Hi there, making this post as a lovely anon until I feel comfortable enough to post with my actual username.
So I have struggled with a very very low self esteem since my early teens to the extent that I would refuse to go out most of the time because I thought I was ugly and that people would be judging my appearance very harshly. When I did go out I was forced out by my mum who insisted I was being selfish and making excuses to not spend time with her.
I'm now 19 and at university and I am slightly better. I still don't consider myself attractive but I do manage to go out and do things by myself. However, for these past few weeks (close to a month, actually) I have been feeling extremely low. There have been points when I genuinely feel people don't care about me (except some close family members)- my attempts to talk to my friends through Facebook are mainly met with silence or very short responses and I have felt very isolated. My mood is usually up and down, but this is one of the worst episodes I've had in a while. I've lost the motivation to do normal day-to-day tasks, been sleeping until 4/5pm for most days (except when I've had exams), not had the energy to cook and so have been barely eating. This has obviously had a huge knock on effect on my energy levels- I even get tired sitting at my desk for a couple of hours and feel the need to nap even after sleeping the day away.

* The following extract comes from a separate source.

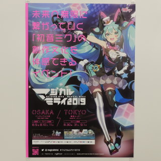 マジカルミライ 2019 「秋葉原ラジオ会館」内に掲示してあった「マジカルミライ 2019」の案内広告ポスターです。 ポスターには「未来へ無限に繋がっていく『初音ミク』の創作文化を体感できるイベント!」と書かれています。 初音ミクたちバーチャル・シンガーの出演するライブと、ワークショップなどの体験や展示・物販・企業出展ブースなどのイベントが実施される企画展が開催される予定です。 大阪では「インテックス大阪」(大阪市住之江区)にて、ライブが2019年8月10日(土)・11日(日)に、企画展が2019年8月9日(金)~11日(日)にそれぞれ開催予定です。 東京では「幕張メッセ」にて、ライブおよび企画展が2019年8月30日(金)~9月1日(日)まで3日間、それぞれ開催予定です。 詳細は公式サイトをご確認ください。 2019.05.04現在 |

Today I managed to get some stuff done and went out to get proper food in an attempt to try and get my energy levels back up, but I am completely exhausted from it. I feel physically weighed down and almost ill. If anyone has had a similar experience to me, what would you suggest I do? I think I'd like to make an appointment at the GP so we can discuss this, but I also feel like I need to contact a wellbeing officer at my university, but since it's pretty much the end of the year and exams are over I'm not sure how available they are. What would you suggest I do in this situation?
Sorry for the long long post but I would really appreciate some advice.